The breathe effect of JLed composes two fade-functions with different periods, resulting in 4 additional bytes to store the pre-computed inverted periods (which can be different) plus one pre-computed inverted period in the JLed object to avoid the modulo operation mentioned. In total this sums up to 6 additional bytes per JLed object.

Performance

Let’s compare the performance before and after the optimization for various MCUs:

MCU	Unoptimized (ns/op)	Optimized (ns/op)
Arduino Nano	47900	17479
RP2040	529	362
RP2350	282	256
RP2350 (RISC V Core)	337	210
STM Nucleo F401RE	550	476
ESP8266	1697	687
ESP32-S3	203	193
ESP32-C3	345	213

The 8-bit AVR (Arduino Nano) benefits the most since it is relatively slow and has no hardware divider, so every division is a slow software routine. On MCUs with hardware dividers, numbers of optimized and unoptimized versions are close, making the optimization nearly irrelevant here.
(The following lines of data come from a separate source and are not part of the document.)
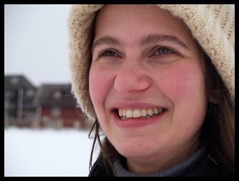 Inizialmente avevo pensato che con un po' di Photoshop si poteva sistemare un po' (togliere qualche imperfezione, rendere la pelle più uniforme e meno a macchie...), però ho pensato che, dopotutto, anche questi "difetti" rendono la foto più naturale e, complice il bel sorriso (spontaneo, aggiungerei, visto che hai scritto che il ritratto è "rubato"), più piacevole da guardare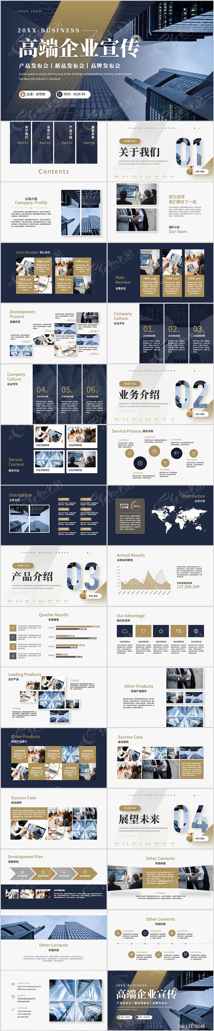 蓝灰色高端企业宣传画册PPT模板下载_红动中国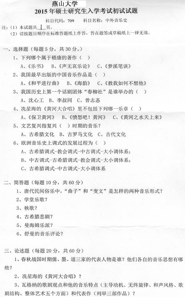 2015年燕山大学艺术与设计学院709中外音乐史考研真题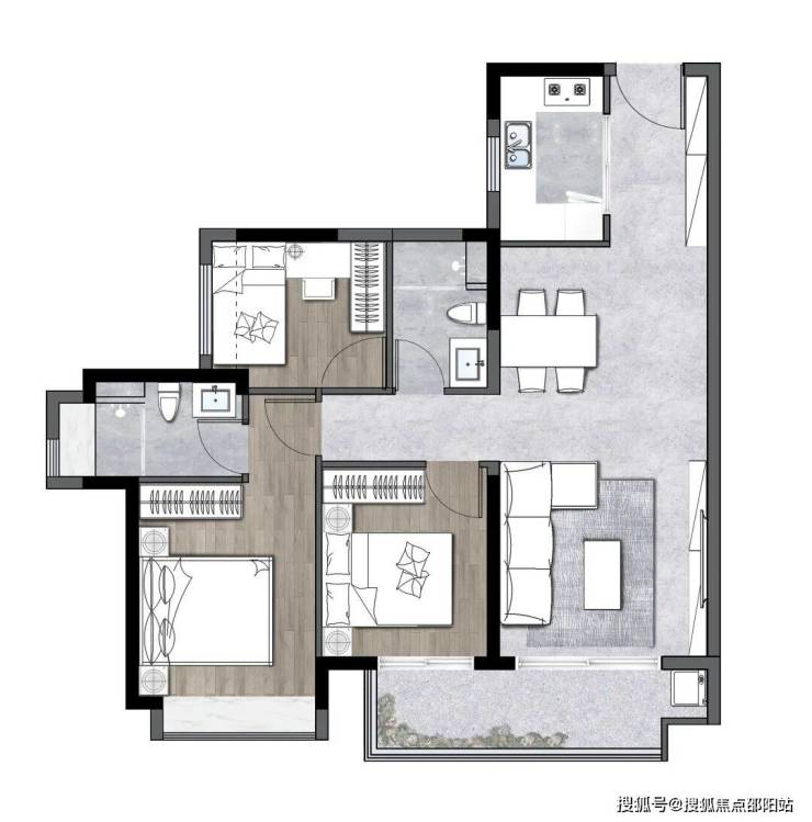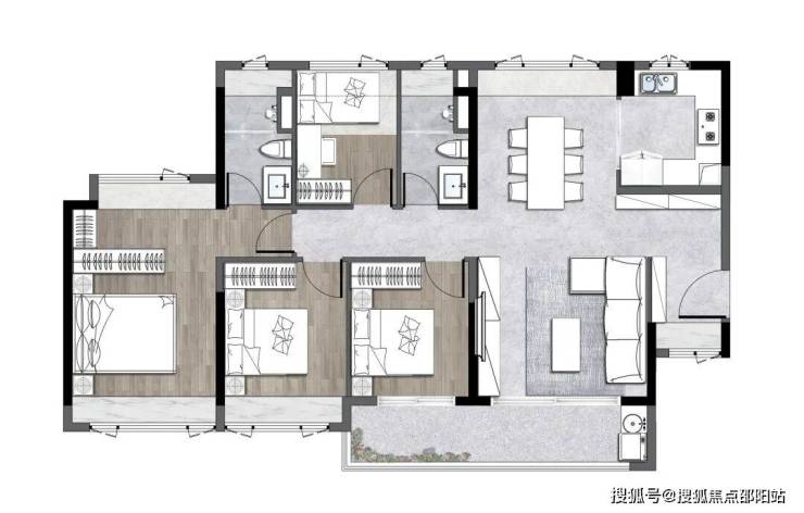 约24㎡主卧(含飘窗),带独立卫浴和衣帽间,私密性更佳,居住品质升级。此外还有三个次卧,完全能满足三胎时代,多代同堂的需求。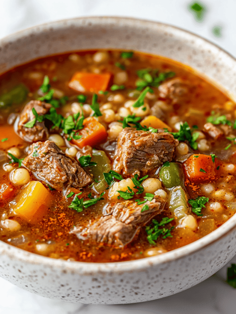 Slow Cooker Beef and Barley Soup with Smoked Paprika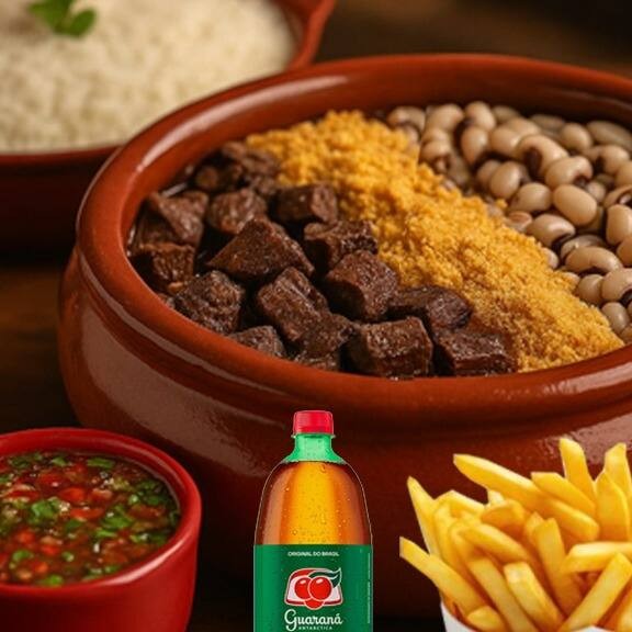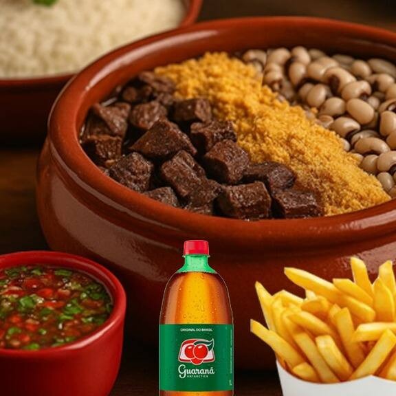 Feijoada para 2 pessoas + arroz + farofa + limão + Guaraná Antartica ou Pepsi 1 litro + batata frita.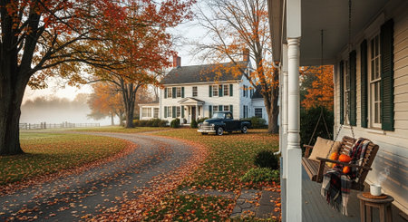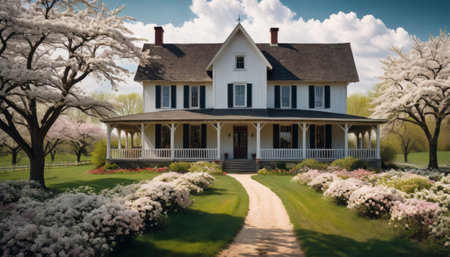 This charming colonial house features a classic white facade, surrounded by trees and nature, creating a serene ambiance in a peaceful rural setting.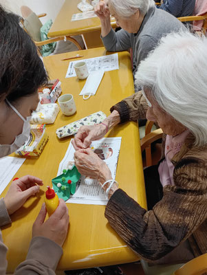 毎年クリスマスに合わせてお越しいただいて、素敵な演奏をしてくださるバイオリンの池田様とピアノの長尾様が今年も来てくださいました。皆さんと一緒に歌ったり、ハーモニカが得意な利用者さんとのセッションなど、楽しいひとときを過ごしました。中には感動のあまり涙する利用者さんもいらっしゃいました。途中スタッフによるハンドベルの演奏も行いました。(練習不足であまりうまくいきませんでした((+_+)))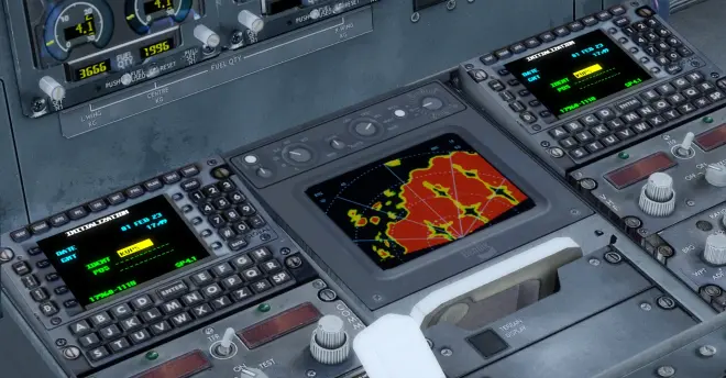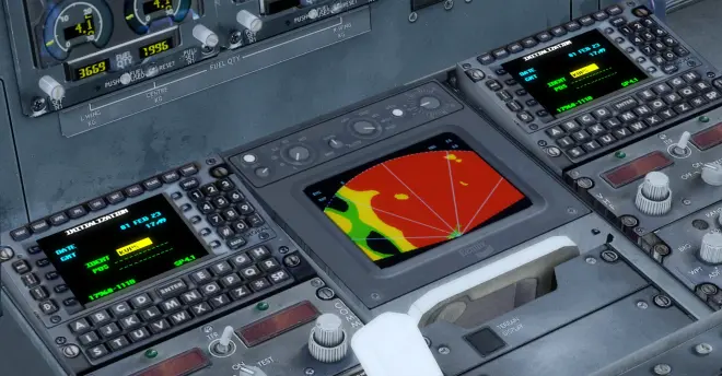 作为一款最早起源于FS9时代已经有10年多历史的机模,在十多年前那个互联网没有如此发达的时代,依据实时天气的复杂天气条件下的模拟飞行基本上是不可能的,所以早些年很多插件都没有气象雷达,但是如今在ASP3D这种天气插件的加成下,没有气象雷达在白天可能还好,晚上就太致命了,根据QW的建模中气象雷达位置贴图的模样,目测Milviz的气象雷达面板最为接近,都是班迪克斯气象雷达,所以整合了个REX/Milviz的Weather Radar进去。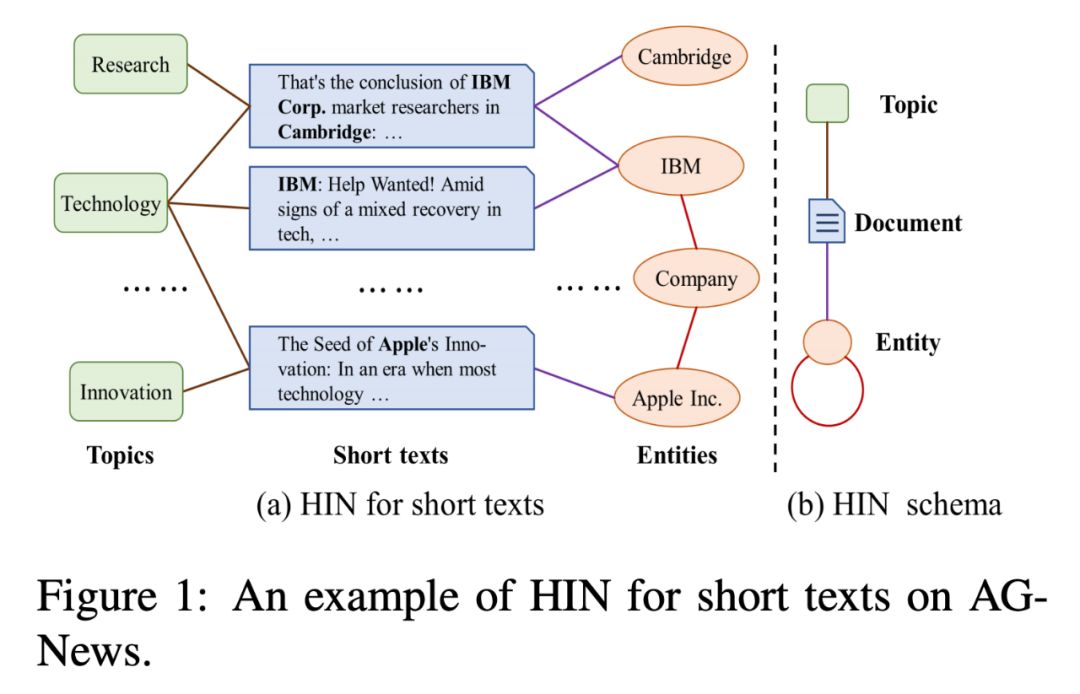 针对短文本分类的稀疏/歧义和标签稀缺问题,通过将其建模为异质图来解决数据稀疏和歧义带来的挑战。下图是作者在 AG-News 数据上建⽴的异质图。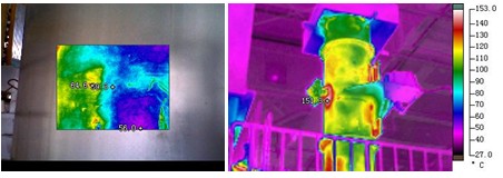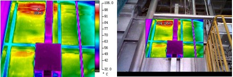 利用I系列紅外熱像儀對加熱爐表面進行分區塊的檢測,并通過紅外分析軟件,對得到的熱圖像進行溫度分布的分析。通過爐皮表面的不同變化,可以直接判斷有無內襯缺陷。如果某部位拍攝的熱圖對比溫度明顯上升,可以認定爐內襯已有損壞侵蝕。
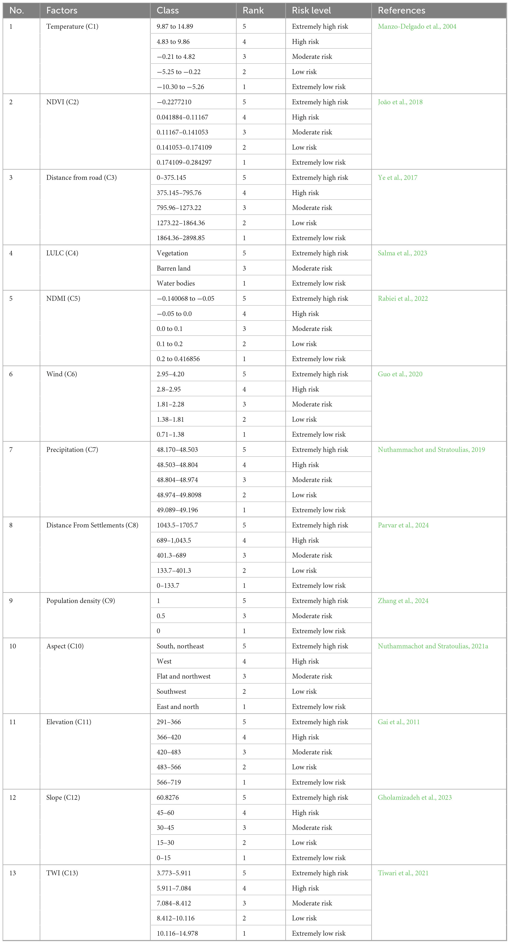 The rank value (Cf) represents the relative contribution of each factor class to fire risk and is assigned based on expert judgment. These values are then integrated with the normalized weights (NWt) in the weighted linear combination model to compute the Forest Fire Risk (FFR) index.

According to the table, on an Arduino Nano with an Atmega 328P, a single calculation takes about 47900 ns with the unoptimized version. This results in at most \( \frac{1}{47900 \times 10^{-9}} \approx 20877 \) updates (if we forget all other overhead) per second. If we update the LEDs at 100 Hz, we theoretically could update 208 LEDs simultaneously.

But since the Atmega 328P has only 6 PWM capable GPIOs, let’s calculate how much of the CPU time the update of 6 LEDs at 100Hz would consume (now assuming it takes \( t_{led} = 100000ns = 100μs\) per Update per LED, taking additional overhead into consideration). Time taken for 6 LED updates per second = \( 6 \times t_{led} \times 100 = 60,\text{ms} \). That means that on every second, 60ms or 6% of CPU time is spent for updating the 6 LEDs and 94% of CPU time is available for other tasks.

Summary

The described method is a good optimization if every CPU cycle counts and the MCU lacks a hardware divider, like the Atmega 328P. Finally I decided against the optimization, because where it would benefit most (on 8-bit AVR), the additional memory consumption also hurts most: an Arduino Nano has only 2 KB of SRAM. On the other hand, the Atmega 328P can easily drive 6 JLed objects simultanously at only 6% CPU consumption. On modern MCUs the effect is negligible, and fast MCUs like RP2040, RP2350 or ESP32s are widely adopted today.

Bonus - how to check how the compiler implements the division

If you are using PlatformIO, you can easily check if the emitted code uses hardware div commands, or calls a software routine. To do so, add or set your build_flags to build_flags = -save-temps=obj -Og and compile the project. If the target platform is e.g., ESP8266 then afterwards you will find the corresponding assembly in .pio/build/esp8266/src/bench.ino.cpp.s (if your sketch is called bench.ino). My test function is called divtest, so let’s look for that function in the assembly.

uint16_t divtest(uint16_t a, uint16_t b) {
	return a / b;
}

This is what the compiler generates for the ESP8266:

_Z7divtesttt:
        addi    sp, sp, -16
        extui   a3, a3, 0, 16
        extui   a2, a2, 0, 16
        s32i.n  a0, sp, 12
        call0   __udivsi3       ; software udiv called here
        l32i.n  a0, sp, 12
        extui   a2, a2, 0, 16
        addi    sp, sp, 16
        ret.n

We see that on the ESP8266 platform a software implementation is called. Next have a look at the RP2350 generated code, which emits a udiv command:

_Z7divtesttt:
        udiv    r0, r0, r1
        bx      lr

And finally let’s compare this with the code generated for the RP2040, where again no hardware div command is used:

_Z7divtesttt:
        push    {r4, lr}
        bl      __aeabi_uidiv ; calls software divider
        uxth    r0, r0
        pop     {r4, pc}